### RECORDS FOR THE EXERCISE
........

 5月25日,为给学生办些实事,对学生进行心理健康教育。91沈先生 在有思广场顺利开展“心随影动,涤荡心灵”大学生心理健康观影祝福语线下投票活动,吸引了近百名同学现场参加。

........

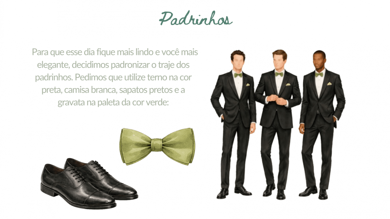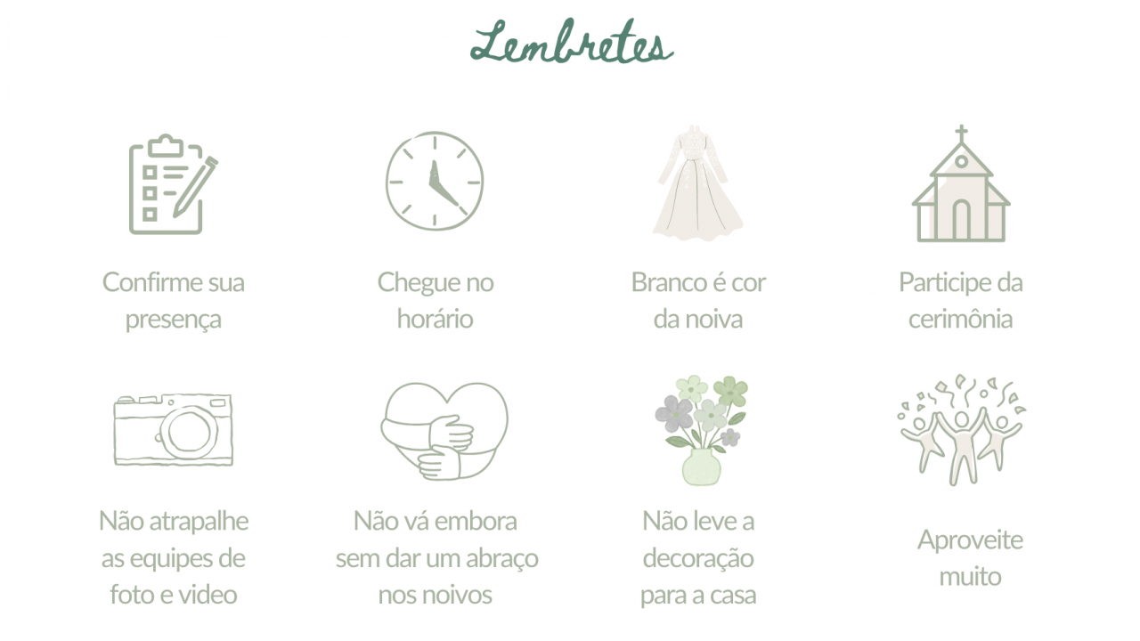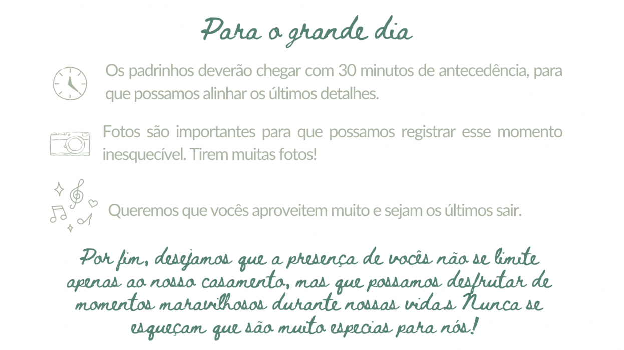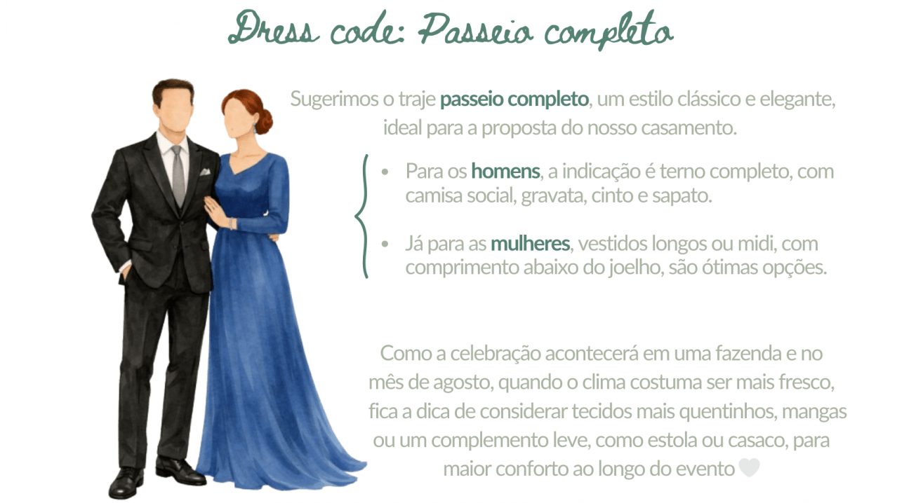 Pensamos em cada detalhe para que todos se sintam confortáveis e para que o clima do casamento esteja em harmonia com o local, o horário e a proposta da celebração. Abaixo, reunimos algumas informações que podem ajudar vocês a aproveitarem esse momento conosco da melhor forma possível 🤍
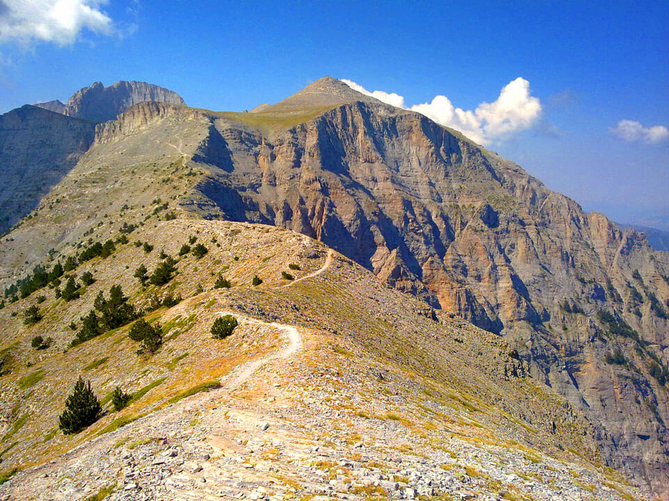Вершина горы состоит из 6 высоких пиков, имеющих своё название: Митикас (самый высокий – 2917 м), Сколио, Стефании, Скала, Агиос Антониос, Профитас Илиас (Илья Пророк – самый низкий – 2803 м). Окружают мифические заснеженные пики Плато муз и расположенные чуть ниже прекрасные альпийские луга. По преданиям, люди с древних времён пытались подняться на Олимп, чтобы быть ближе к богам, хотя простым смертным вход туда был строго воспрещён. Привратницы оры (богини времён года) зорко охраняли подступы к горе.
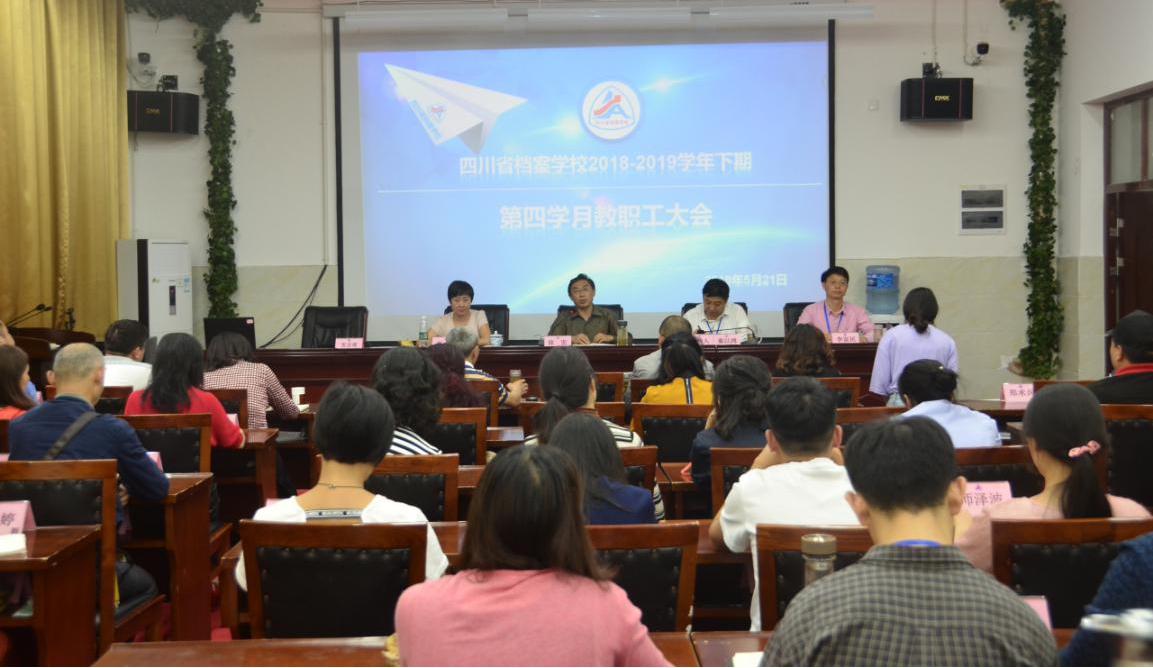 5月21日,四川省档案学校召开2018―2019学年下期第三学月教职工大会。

........

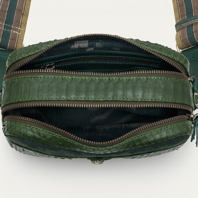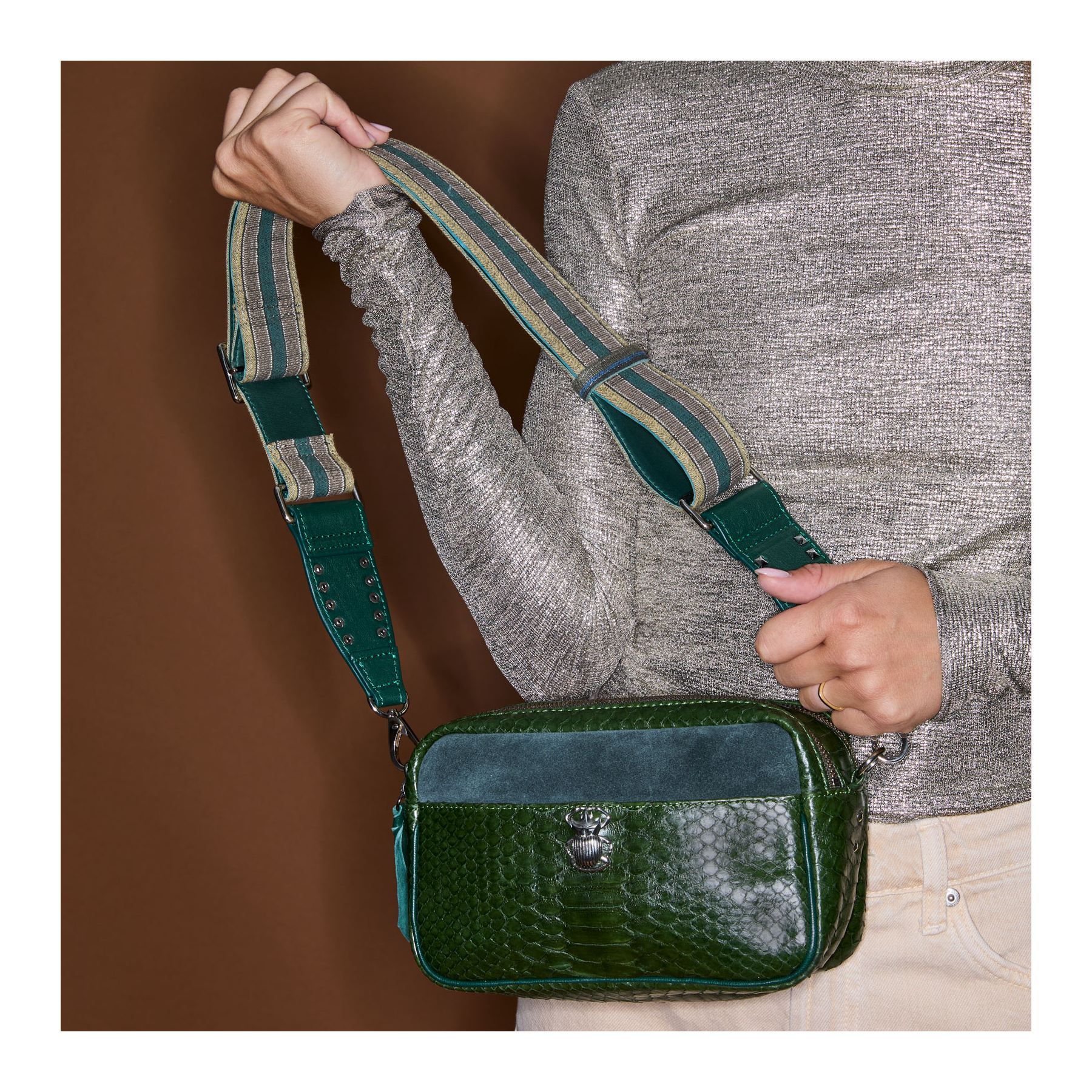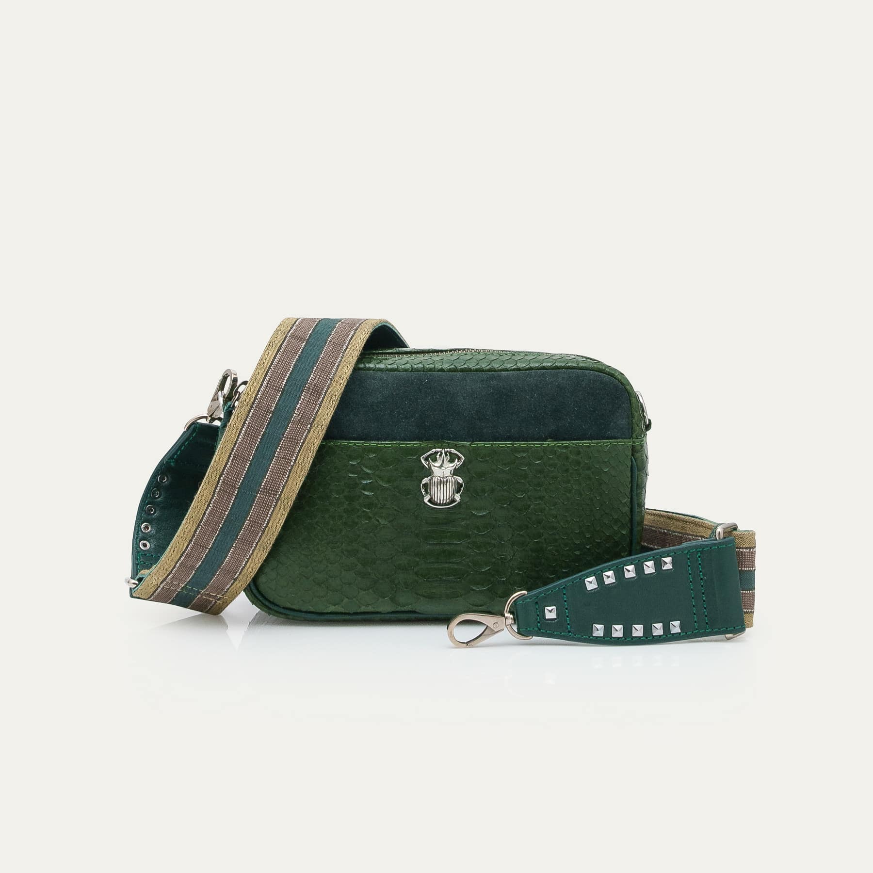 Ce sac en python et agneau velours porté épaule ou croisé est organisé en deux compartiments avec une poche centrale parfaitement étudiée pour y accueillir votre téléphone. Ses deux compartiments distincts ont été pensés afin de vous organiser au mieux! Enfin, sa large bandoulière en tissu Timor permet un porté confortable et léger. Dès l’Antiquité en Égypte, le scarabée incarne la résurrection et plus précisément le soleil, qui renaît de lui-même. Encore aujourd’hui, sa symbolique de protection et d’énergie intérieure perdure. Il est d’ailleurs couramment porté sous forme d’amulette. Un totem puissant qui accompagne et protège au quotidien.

........

Copy needed, without pictures: the lines of the listing above from the line containing "Вершина горы состоит" up to and including the line containing "5月21日,四川省档案学校召开2018―2019学年下期第三学月教职工大会。", set down exactly.

Вершина горы состоит из 6 высоких пиков, имеющих своё название: Митикас (самый высокий – 2917 м), Сколио, Стефании, Скала, Агиос Антониос, Профитас Илиас (Илья Пророк – самый низкий – 2803 м). Окружают мифические заснеженные пики Плато муз и расположенные чуть ниже прекрасные альпийские луга. По преданиям, люди с древних времён пытались подняться на Олимп, чтобы быть ближе к богам, хотя простым смертным вход туда был строго воспрещён. Привратницы оры (богини времён года) зорко охраняли подступы к горе.
 5月21日,四川省档案学校召开2018―2019学年下期第三学月教职工大会。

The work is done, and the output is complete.